> _TRY IT_:
Please repeat only the lines below starting at the line that holds "Step into the" and ending at the line that holds "以上是本期的配队推荐速览(五", exactly, with both of those lines included and every picture omitted.

> _RECORDS FOR THE TASK_:
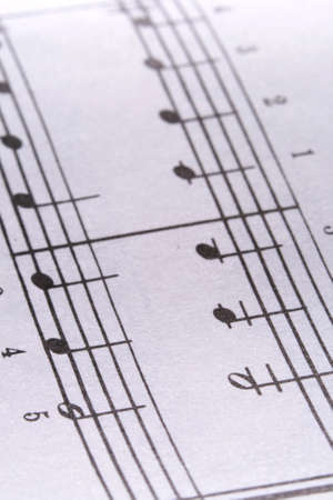 Close up musical notes printed on the paper. Selective focus. Musical notation
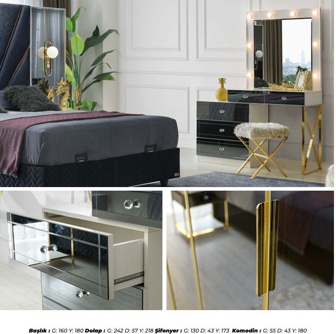 YATAK ODA TAKIMIMIZ 1 ADET DOLAP .2 ADET KOMİDİN.1 ADET BAŞLIK .1 ADET PUF .AYNALI ŞİFFONYERDEN OLUŞMAKTADIR.
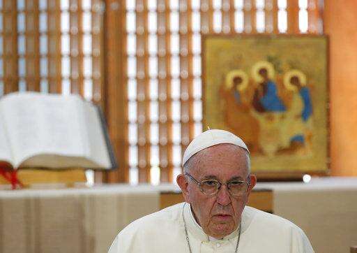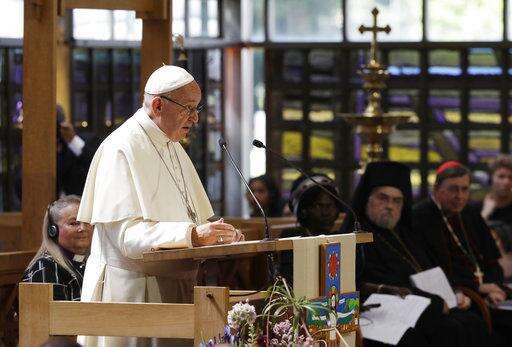 Pope Francis takes part in an ecumenical prayer at the World Council of Churches (WCC), on Thursday, June 21, 2018, in Geneva, Switzerland. (Denis Balibouse/pool photo via AP) The Associated Press
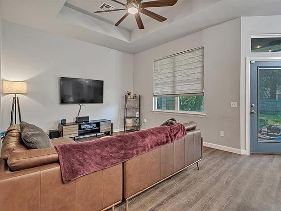 Step into the bright and airy living room featuring a tray ceiling, oversized barn-style ceiling fan, and breathtaking windows that bathe the space in natural light. Sleek vinyl flooring flows throughout the main areas, giving a clean and contemporary feel.
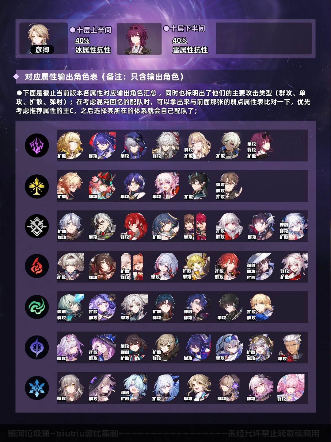 以上是本期的配队推荐速览(五星0+0/1,四星4~6魂,中低练度<遗器主词条正确,副词条>),想尽快了解可进行参考;下面就让我们对本期混沌回忆进行更详细的分析吧;
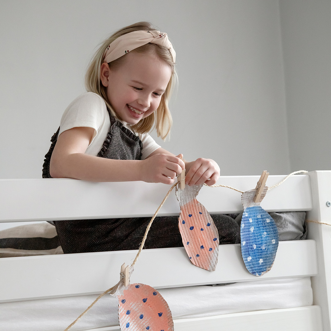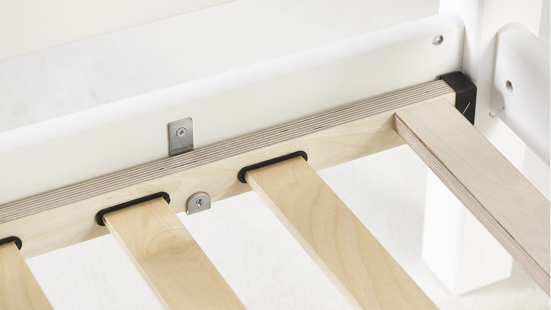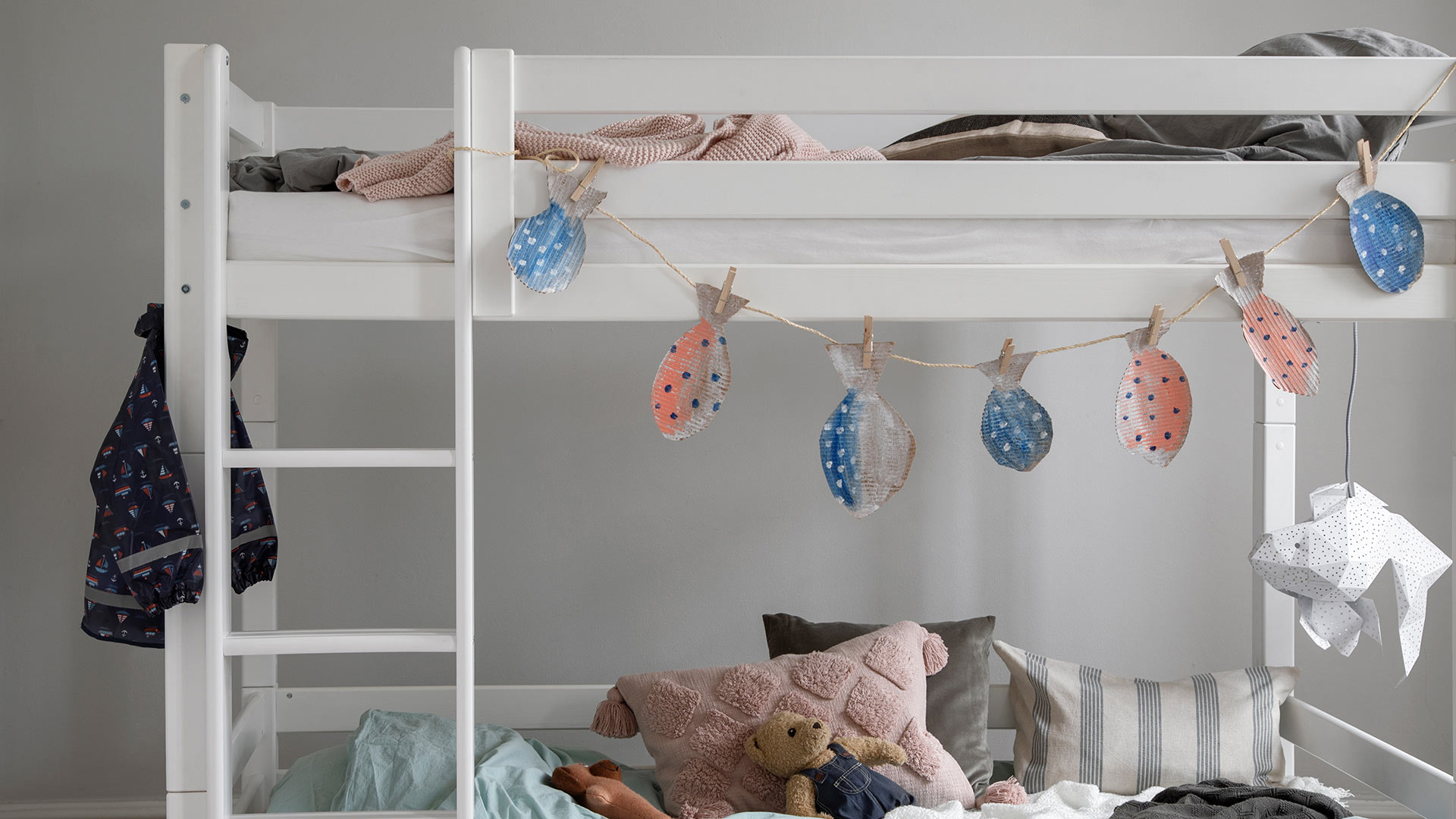 Dank der vielfältigen Varianten fügt sich das Hoch-Etagenbett nahtlos in verschiedene Raumkonzepte ein. Besonders praktisch ist die Ecklösung, bei der das untere Bett im Winkel aufgestellt wird. Außerdem ist das Etagenbett auch mit einer umlaufenden Absturzsicherung am unteren Bett erhältlich, die für zusätzliche Sicherheit sorgt – ideal für kleine wie größere Kinder.

> _SOLUTION TO THE PROBLEM_:
 Step into the bright and airy living room featuring a tray ceiling, oversized barn-style ceiling fan, and breathtaking windows that bathe the space in natural light. Sleek vinyl flooring flows throughout the main areas, giving a clean and contemporary feel.
 以上是本期的配队推荐速览(五星0+0/1,四星4~6魂,中低练度<遗器主词条正确,副词条>),想尽快了解可进行参考;下面就让我们对本期混沌回忆进行更详细的分析吧;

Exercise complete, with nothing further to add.